Mathieu Carrière Marco Cuturi Steve Oudot

Résumé

Les diagrammes de persistance (PDs) jouent un rôle crucial dans l'analyse topologique des données (TDA), où ils sont couramment utilisés pour décrire les propriétés topologiques de formes complexes. Les PDs bénéficient de propriétés de stabilité robustes et ont fait leurs preuves dans divers contextes d'apprentissage.

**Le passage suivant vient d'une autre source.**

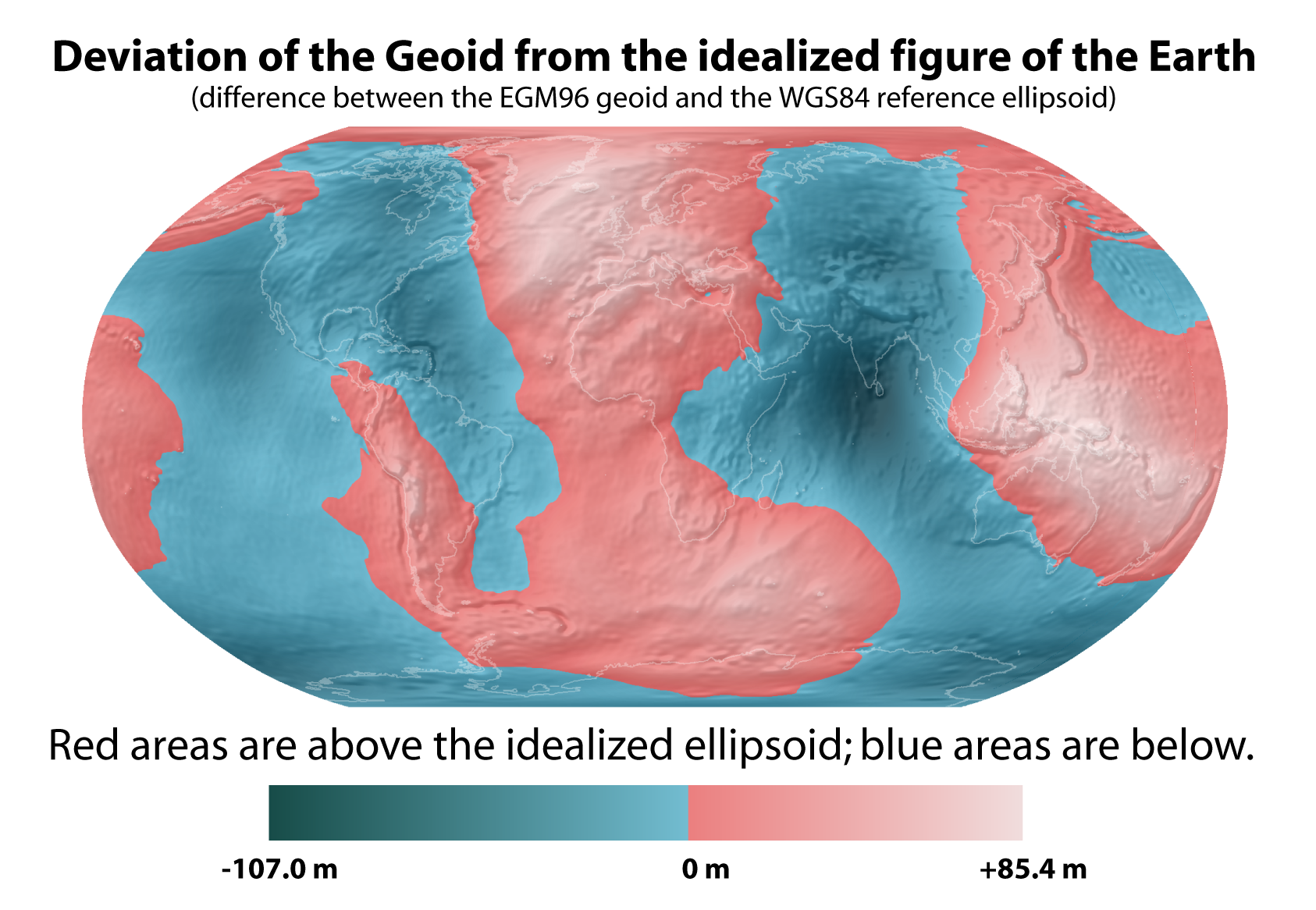 Deviation of the Geoid from the idealized figure of the Earth.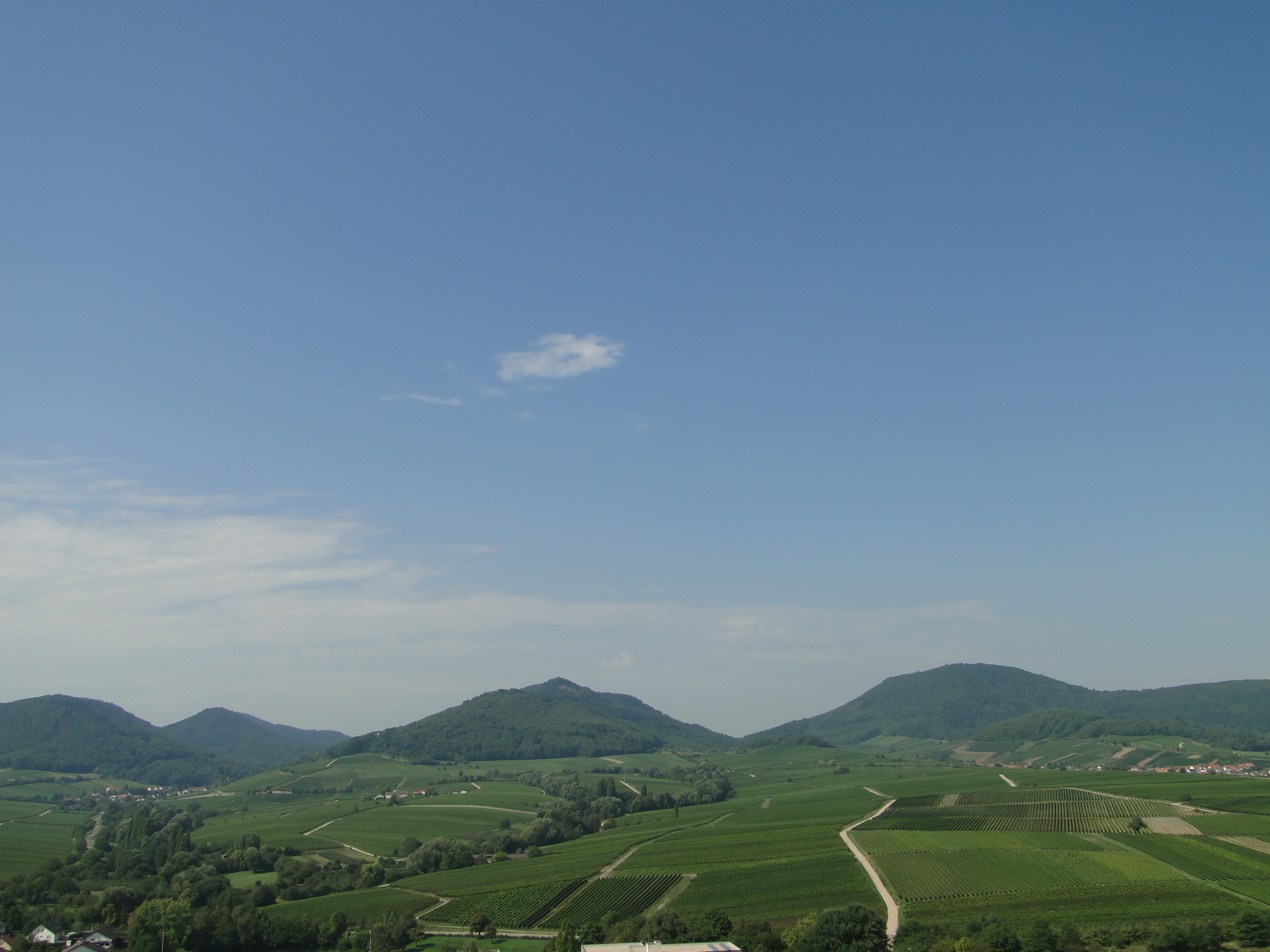 South Palatinate landscape near Leinsweiler

Cependant, ils ne résident pas dans un espace naturellement doté d'une structure hilbertienne et sont généralement comparés à l'aide de distances spécifiques, telles que la distance bottleneck. Pour intégrer les PDs dans une chaîne de traitement d'apprentissage, plusieurs noyaux ont été proposés pour les PDs, avec une attention particulière portée à la stabilité de la distance RKHS par rapport aux perturbations des PDs. Dans cet article, nous utilisons l'approximation tranchée de la distance de Wasserstein, appelée SW, pour définir un nouveau noyau pour les PDs, qui non seulement est prouvément stable mais aussi prouvément discriminant (en fonction du nombre de points dans les PDs) par rapport à la distance de Wasserstein (d_1) entre les PDs. Nous démontrons également sa praticité en développant une technique d'approximation pour réduire le temps de calcul du noyau et montrons que notre proposition se compare favorablement aux noyaux existants pour les PDs sur plusieurs benchmarks.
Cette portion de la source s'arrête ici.